Staff AI Execution Engineer
Nitrogen • United States
Posted: June 12, 2026
Job Description
WHAT WE DO
Nitrogen equips financial advisors with a suite of AI-powered products that showcase the value of their advice so they can attract clients and keep them fearless. Since launching Riskalyze in 2011, we've been on a mission to create what we call Catalyst Moments — those powerful instances when an advisor helps a client go from confused to confident, from fearful to fearless.
Our connected suite brings together Risk Alignment, Investment Research, Income Planning, Tax Intelligence, and Legacy Planning, combining agentic AI with trusted, deterministic analytics to turn complex financial insights into persuasive visuals. The result: clearer conversations, stronger relationships, and advisors who can prove their value in every client meeting.
Trusted by tens of thousands of advisors, backed by an industry-leading NPS of 71, and the first wealthtech company to earn ISO 42001 certification, Nitrogen is built on 13 years of advisor data and half a trillion dollars in assets on platform. We invented the Risk Number®, built on a Nobel Prize-winning academic framework, and we champion the Fearless Investing Movement — because a world empowered to invest fearlessly starts with empowered advisors.
Nitrogen is an equal opportunity employer. We encourage people from underrepresented groups to apply. We are committed to being fair and intentional in our hiring decisions by reviewing every application thoroughly.
THE TEAM
Our Data and Services Team empowers the world to invest fearlessly by by building agentic AI systems and the data-powered services behind them, directing fleets of AI developer tools to ship products that serve advisors and their firms across the wealth management industry.

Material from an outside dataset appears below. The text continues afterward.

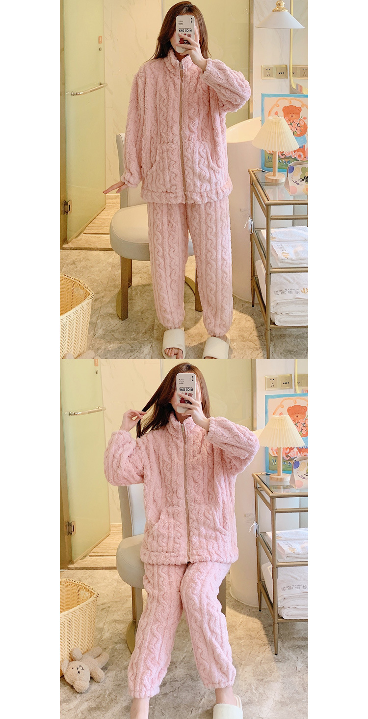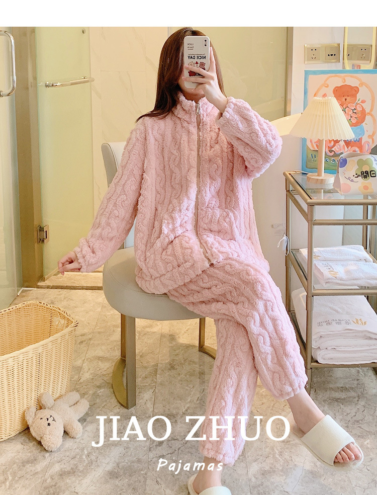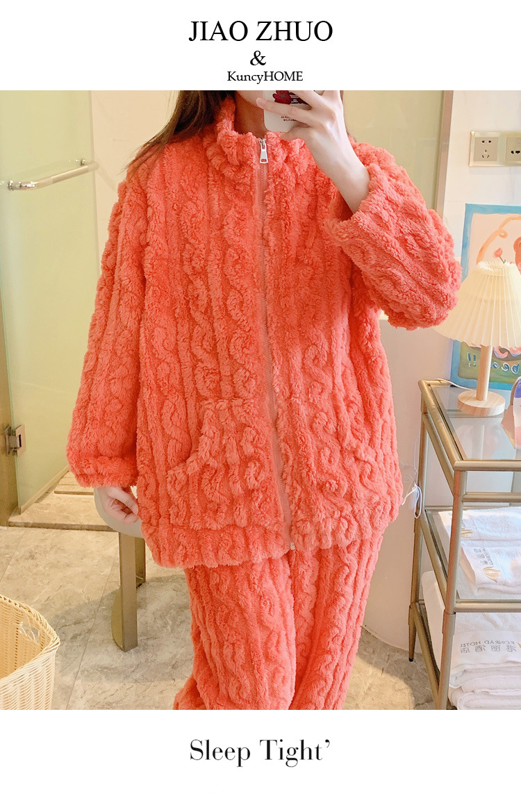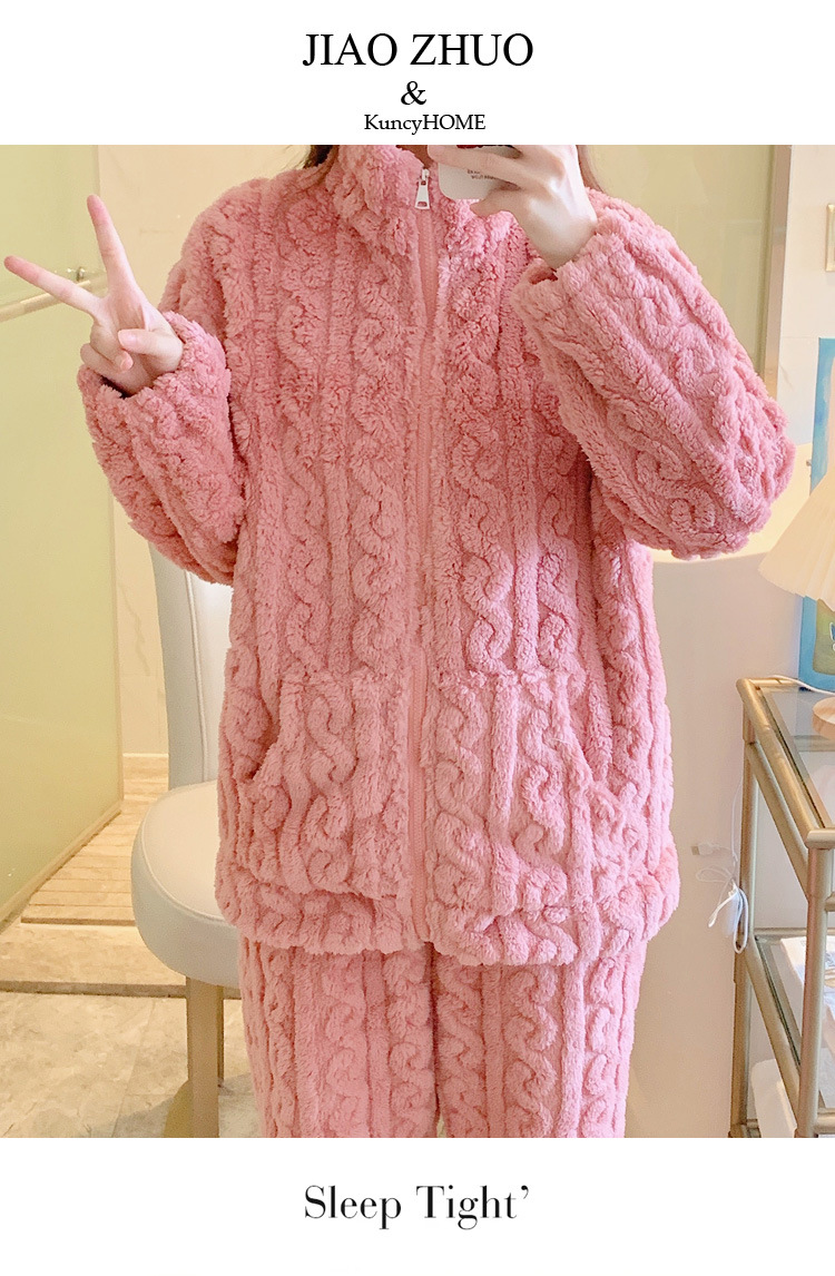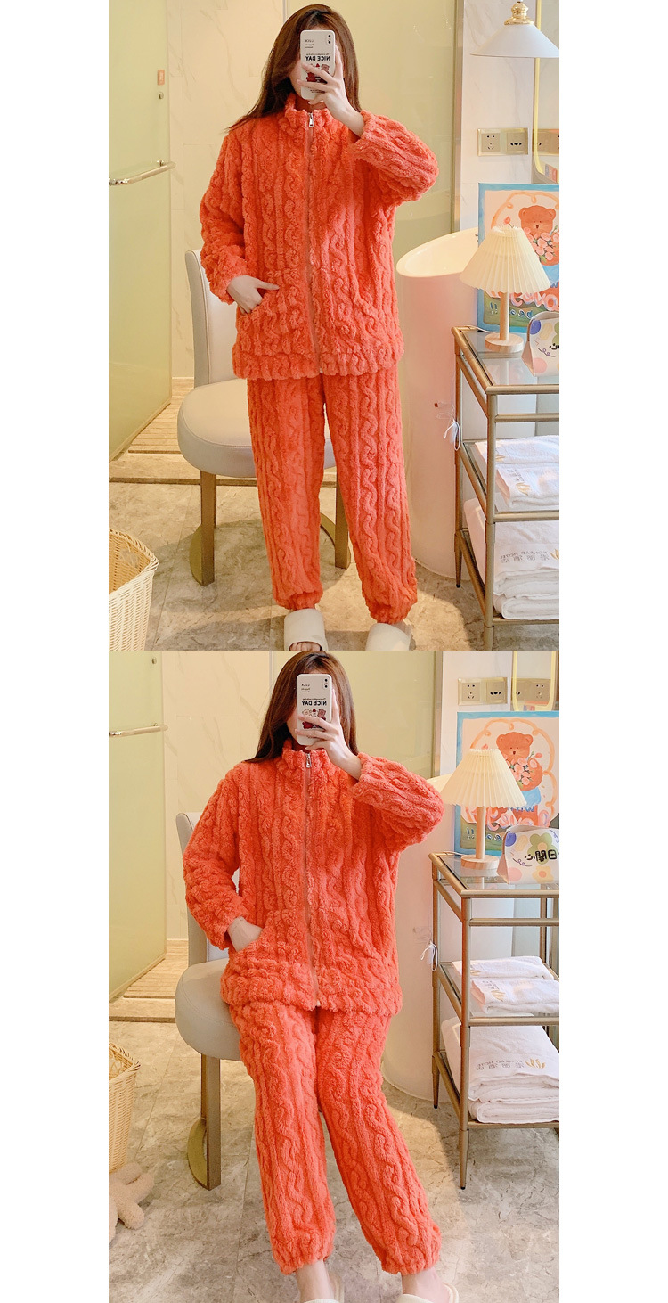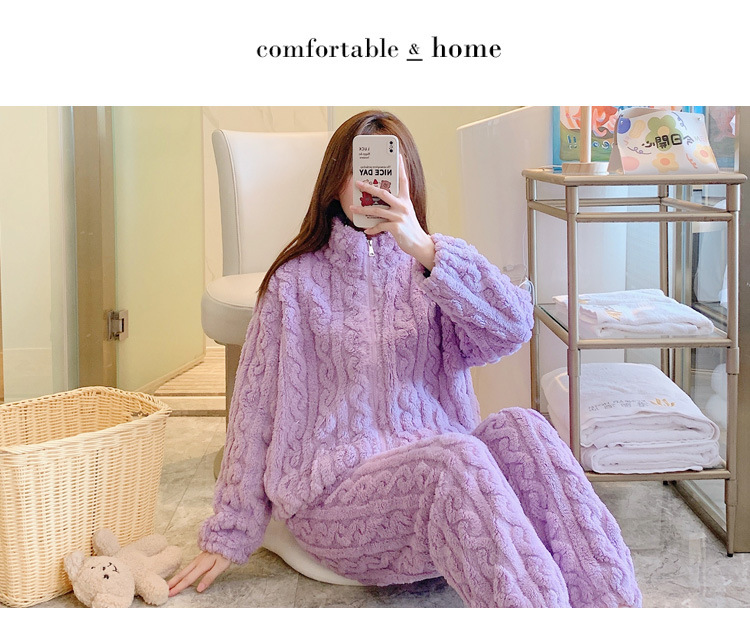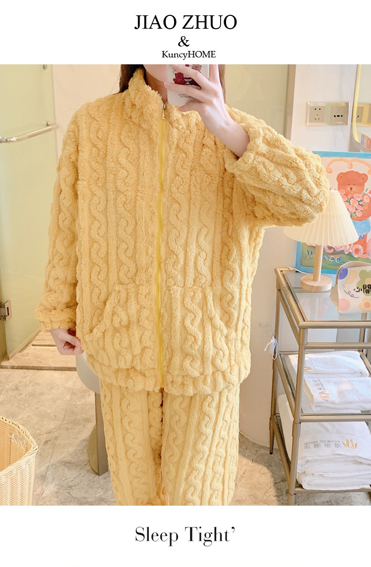 높은 칼라 지퍼 캐주얼 잠옷 여자의 가을과 겨울 두꺼운 기모 산호 양털 플란넬 가정 옷 세트 겉옷스토어 가기

As a Staff AI Execution Engineer on the Data & Services team, you'll lead how we design, build, and ship AI systems into production across Nucleus and our broader platform. This means architecting agentic workflows, building agent memory and orchestration, and standing up the evaluation frameworks that make agent decisions reliable at scale. You build primarily through agentic AI and you bring real depth in building AI products, pairing both with the data fluency our domain demands. You'll own these systems across their full lifecycle, from design through production, continuously raising what one engineer can deliver.
Staff AI Execution Engineer:
- Advances Nitrogen's AI capabilities with your expertise designing and shipping agentic systems into production use.
- Owns the successful delivery of AI features end-to-end: from agent design and orchestration, through evaluation and hardening, to reliable production systems advisors depend on.
- Builds the foundations that make agents dependable: memory systems, evaluation frameworks, and the patterns that improve agent decisions at scale.
- Sets a high bar for technical productivity through deep, fluent, and consistently advancing use of agentic AI developer tools.
- Pioneers AI-augmented engineering practices on the team, including prompts, harness configurations, and multi-agent orchestration, and shares them so the whole team moves faster.
- Delivers high-quality, production-grade features at a velocity that meaningfully exceeds traditional engineering throughput, while reliably meeting commitments.
- Provides architectural leadership across AI systems and the services and data flows that support them.
- Maintains a deep understanding of what our domain-specific data means to our customers and their product experience.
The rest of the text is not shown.